The approval of the Brazilian AI Bill is expected to reshape the regulatory landscape by introducing a comprehensive framework grounded in fundamental rights and coordinated oversight, reducing fragmentation by allowing sectoral regulators to exercise their mandates within a coherent governance model. In this context, authorities such as the CFM and ANVISA would continue to play a significant role, but within a broader, more integrated institutional structure.

However, there is no guarantee that the current version of the Brazilian AI Bill will be approved, as it may undergo significant amendments or be replaced by alternative proposals. This uncertainty, especially in an election year, raises challenges regarding the interaction between future legislation and existing sectoral regulations, particularly if inconsistencies arise in areas such as risk classification, governance, and the allocation of responsibilities.

Final considerations

The AI CFM Resolution represents a timely and pragmatic response to the growing use of AI in healthcare in Brazil. Addressing concrete challenges in medical practice helps reduce uncertainty in a rapidly evolving technological environment while providing physicians and healthcare institutions with clearer parameters for the responsible integration of AI tools.

At the same time, the Resolution highlights the limitations of sectoral approaches in addressing a cross-cutting technology such as AI. The coexistence of multiple regulatory authorities – each with distinct competencies and perspectives – reinforces the need for greater coordination and clearer institutional boundaries to avoid regulatory fragmentation and ensure consistent oversight.
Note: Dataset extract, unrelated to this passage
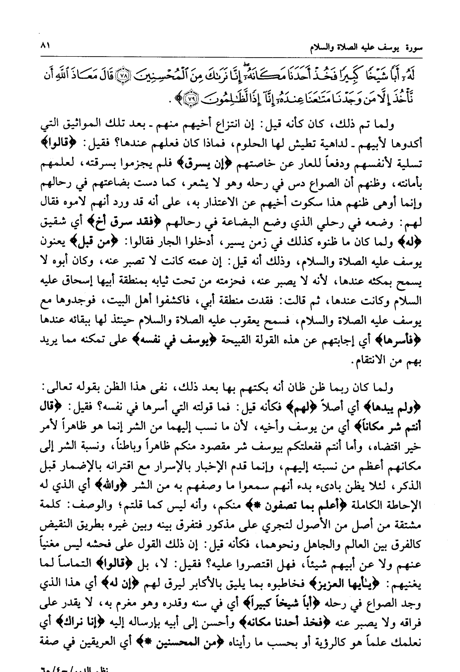 لَهُ أَباً شَيْخاً كَبِيراً فَخُذْ أَحَدَنَا مَكَانَهُ إِنَّا نَرَاكَ مِنَ الْمُحْسِنِينَ قَالَ مَعَاذَ اللَّهِ أَن نَّأْخُذَ إِلاَّ مَن وَجَدْنَا مَتَاعَنَا عِندَهُ إِنَّآ إِذاً لَّظَالِمُونَ ) 73

It is equally important to recognise, however, that the AI CFM Resolution does not represent entirely new regulatory ground. Rather, it largely codifies ethical standards and common-sense principles that have always guided the medical profession and patient care. The requirement that physicians retain ultimate decision-making authority, the emphasis on informed consent and transparency, and the insistence on human oversight are not innovations introduced by this Resolution – they are foundational tenets of medical ethics that predate the advent of AI. What the Resolution accomplishes, therefore, is the formal articulation and contextualisation of these pre-existing values within the specific framework of AI-assisted medicine.

This perspective offers reassurance to the medical community: the integration of AI into clinical practice need not be viewed as a disruptive departure from established norms, but rather as an evolution that remains firmly anchored in the ethical principles that have long defined the profession. The Resolution serves as a formal reminder that, regardless of technological advancement, the physician’s duty of care, professional responsibility, and commitment to patient welfare remain paramount.
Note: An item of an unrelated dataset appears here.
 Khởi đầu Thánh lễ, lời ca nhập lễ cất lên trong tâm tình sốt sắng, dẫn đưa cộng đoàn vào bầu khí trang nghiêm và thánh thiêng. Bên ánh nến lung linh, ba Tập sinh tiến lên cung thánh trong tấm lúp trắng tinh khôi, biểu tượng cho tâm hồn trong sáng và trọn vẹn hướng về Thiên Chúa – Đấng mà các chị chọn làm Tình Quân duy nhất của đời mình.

Looking ahead, the regulation of AI in healthcare in Brazil is likely to remain dynamic, requiring continuous alignment between legal frameworks and regulatory authorities. The anticipated approval of the Brazilian AI Bill may provide a more coherent institutional structure, but the fundamental principles enshrined in the CFM Resolution – grounded as they are in enduring medical ethics – will likely continue to inform the profession’s approach to emerging technologies. In this sense, the Resolution is both a response to the present and a bridge to the future, ensuring that innovation in healthcare remains guided by the timeless values of the medical profession.

Notes

[1]  Grand View Research, Artificial Intelligence in Healthcare Market (2026–2033): www.grandviewresearch.com/industry-analysis/artificial-intelligence-ai-healthcare-market, accessed 6 May 2026.